Then it came to me. Over and over, when practicing self-defense techniques in class, Sensei stressed the first rule of self-defense is that if you don't need to be there, don't be.

All of a sudden, I shouted out, "Oh, I forgot something. I was supposed to run in Macy's while I was here." He was going to hold the elevator for me, but I told him that I was going to be awhile - to go ahead without me." I then went right inside the doors of Macy's and stood there for about 10 minutes to ensure he was gone before I got on the elevator.

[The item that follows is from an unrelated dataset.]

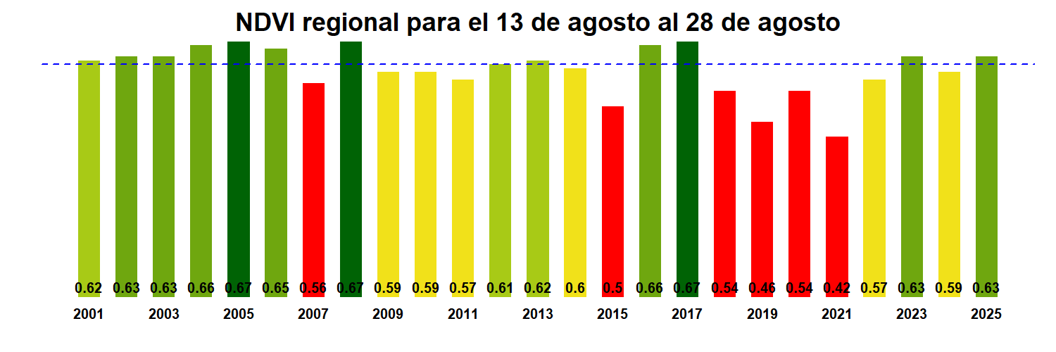Para esta quincena se observa un NDVI promedio regional de 0.63 mientras el año pasado había sido de 0.59. El valor promedio histórico para esta región, en este período del año es de 0.6.

He may have just been a sensitive Russian professor, but he could also have turned out to be a Hannibal Lector. Whatever the case, I think my sensei would have been proud of my decision. And even more importantly, I'm proud of my instinct and decision.

6 comments:

Michele said...

Excellent!

I am a firm believer in gut instincts. I have taught women's self-defense seminars and we use the "creepy person in an elevator" as one of our scenarios. The bottom line is that if it feels "wrong" DO NOT get on the elevator.

Slop -n- Goulash: Dinner of Champions! said...

And my stupid ego almost beat out my gut instinct. I'm so glad the "scaredy-cat" in me won out this time!

BSM said...

"To win without fighting is best."

From Sun Tzu's Art of War.

If you like to read and don't mind a little philosophy that's over 2000 years old you should get a used copy.

:)

~BCP

Slop -n- Goulash: Dinner of Champions! said...

Bob, I actually bought it a few months ago but keep getting sidelined on other reading ventures! But with all the recommendations I have had, I think I must make it my absolute next read. Thanks!

AikiAddict said...

Good job! You did the right thing. (And hi, I'm a martial arts student too, and I enjoy your blog)

Slop -n- Goulash: Dinner of Champions! said...

Welcome Aikiaddict! Glad to hear you enjoy the blog. It's a real challenge drumming up readers, but if I stick with it, I hope to have a bunch. But like they say, quality over quantity and so far everyone who has commented so far has been "TOP QUALITY" as far as I'm concerned. Thanks to all who read me!!!